#### Problem to solve:
The lines below starting at the line containing "elegant top |" and ending at the line containing "Kung pao shrimp, soy" are to be repeated exactly, with both ends kept and nothing else added.

#### Available data:
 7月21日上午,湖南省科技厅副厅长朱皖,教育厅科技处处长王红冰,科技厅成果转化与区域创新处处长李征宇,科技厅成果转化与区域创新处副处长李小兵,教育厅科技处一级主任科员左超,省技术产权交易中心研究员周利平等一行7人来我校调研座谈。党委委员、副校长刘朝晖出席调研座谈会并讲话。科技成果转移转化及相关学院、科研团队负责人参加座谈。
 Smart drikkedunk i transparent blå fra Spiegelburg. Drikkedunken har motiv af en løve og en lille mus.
* * *
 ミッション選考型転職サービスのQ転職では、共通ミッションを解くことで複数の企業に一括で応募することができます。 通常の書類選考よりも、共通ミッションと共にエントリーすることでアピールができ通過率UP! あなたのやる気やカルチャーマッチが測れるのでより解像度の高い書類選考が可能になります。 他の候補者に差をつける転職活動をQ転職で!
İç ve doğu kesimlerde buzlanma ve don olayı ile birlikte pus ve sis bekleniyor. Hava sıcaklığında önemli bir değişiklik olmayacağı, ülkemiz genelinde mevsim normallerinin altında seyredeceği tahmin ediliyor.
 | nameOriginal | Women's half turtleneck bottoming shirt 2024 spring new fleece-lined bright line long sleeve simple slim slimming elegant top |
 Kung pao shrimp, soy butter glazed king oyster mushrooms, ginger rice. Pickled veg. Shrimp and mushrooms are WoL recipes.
* * *
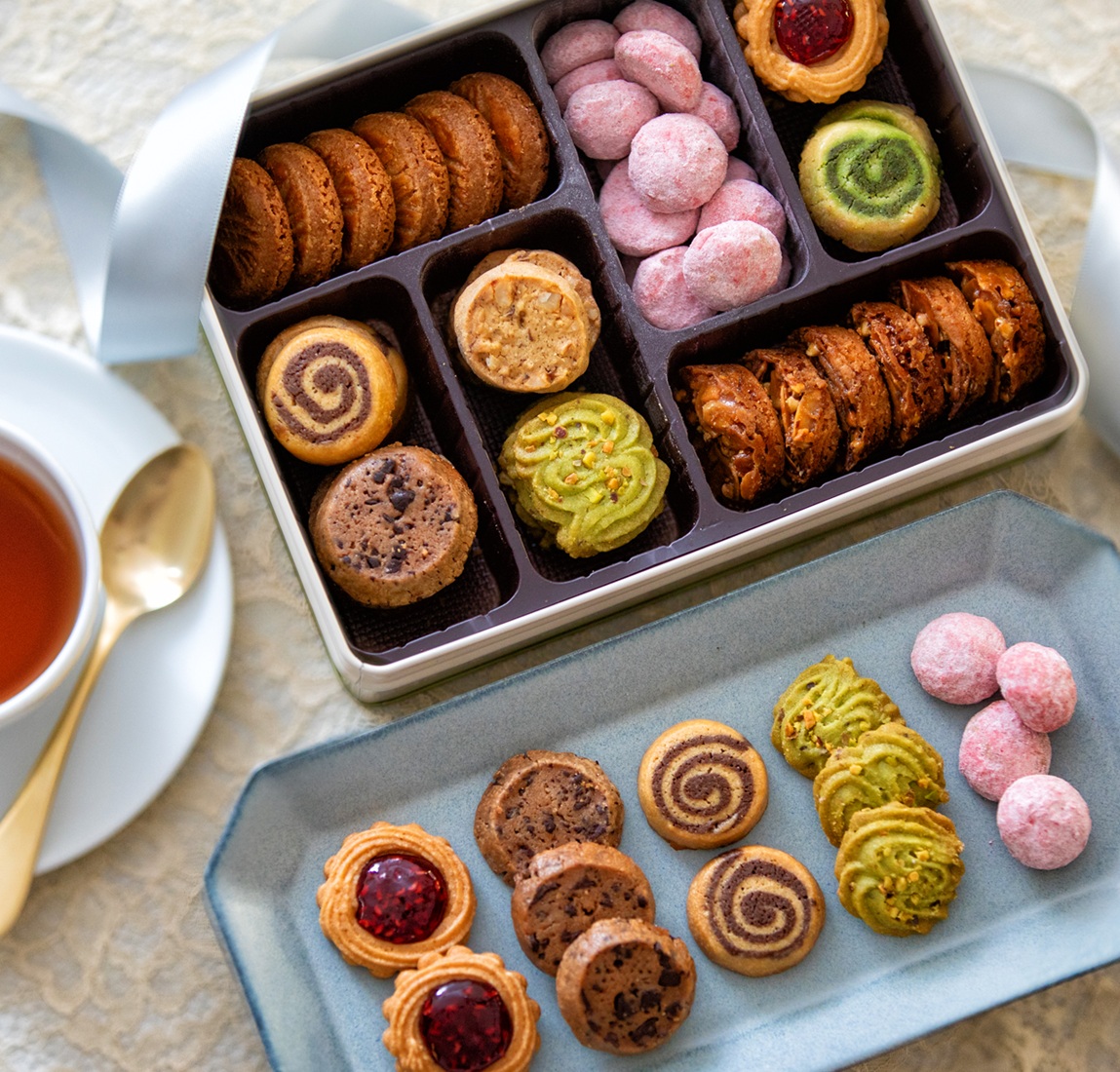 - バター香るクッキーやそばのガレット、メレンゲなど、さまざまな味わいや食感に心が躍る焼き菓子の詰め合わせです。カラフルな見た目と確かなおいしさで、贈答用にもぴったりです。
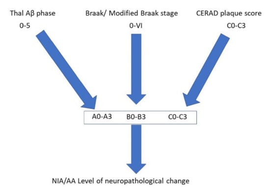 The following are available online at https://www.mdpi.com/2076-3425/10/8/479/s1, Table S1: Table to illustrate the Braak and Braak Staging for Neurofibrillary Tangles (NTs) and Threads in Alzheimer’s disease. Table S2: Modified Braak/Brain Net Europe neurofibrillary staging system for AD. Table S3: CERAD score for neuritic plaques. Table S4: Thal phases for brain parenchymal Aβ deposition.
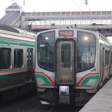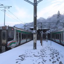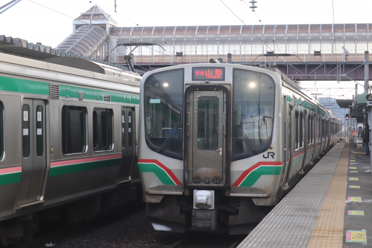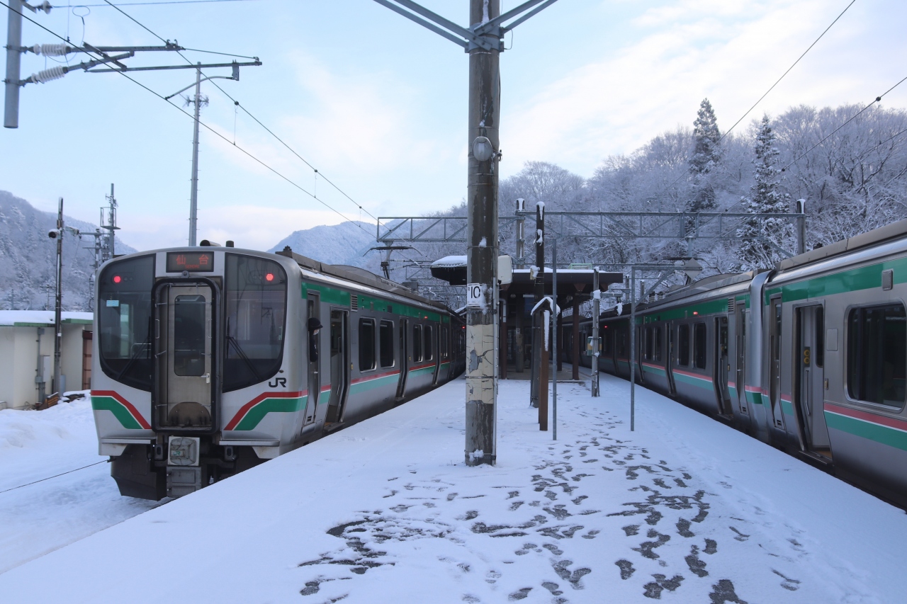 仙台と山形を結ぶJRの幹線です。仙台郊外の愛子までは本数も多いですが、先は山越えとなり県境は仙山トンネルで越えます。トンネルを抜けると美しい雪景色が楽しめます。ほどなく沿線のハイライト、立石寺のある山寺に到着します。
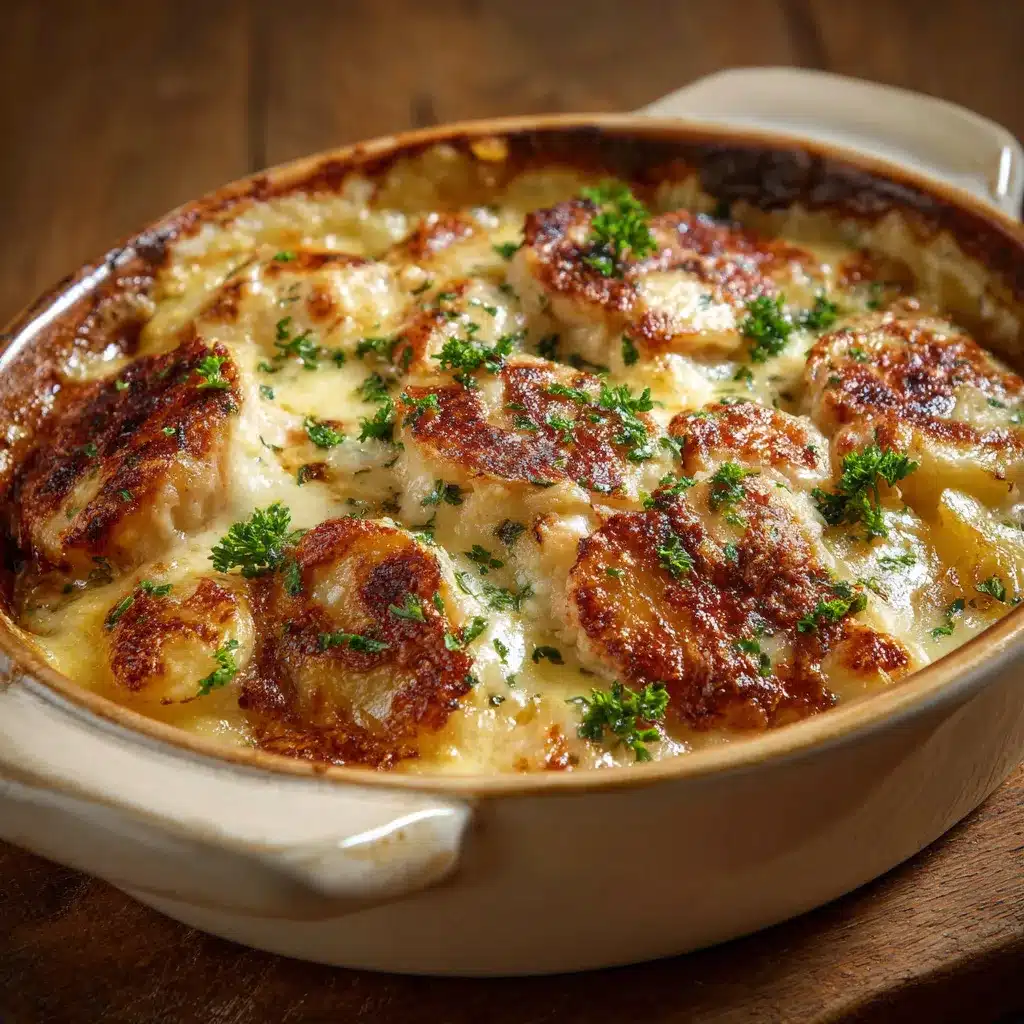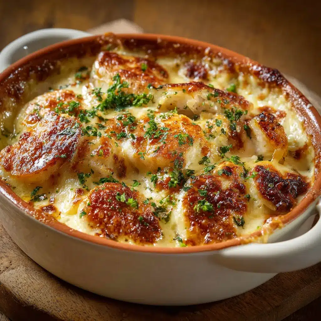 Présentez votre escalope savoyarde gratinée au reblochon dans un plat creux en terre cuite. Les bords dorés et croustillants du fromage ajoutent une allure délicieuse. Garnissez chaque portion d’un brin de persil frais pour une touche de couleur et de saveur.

#### Exercise solution:
 | nameOriginal | Women's half turtleneck bottoming shirt 2024 spring new fleece-lined bright line long sleeve simple slim slimming elegant top |
 Kung pao shrimp, soy butter glazed king oyster mushrooms, ginger rice. Pickled veg. Shrimp and mushrooms are WoL recipes.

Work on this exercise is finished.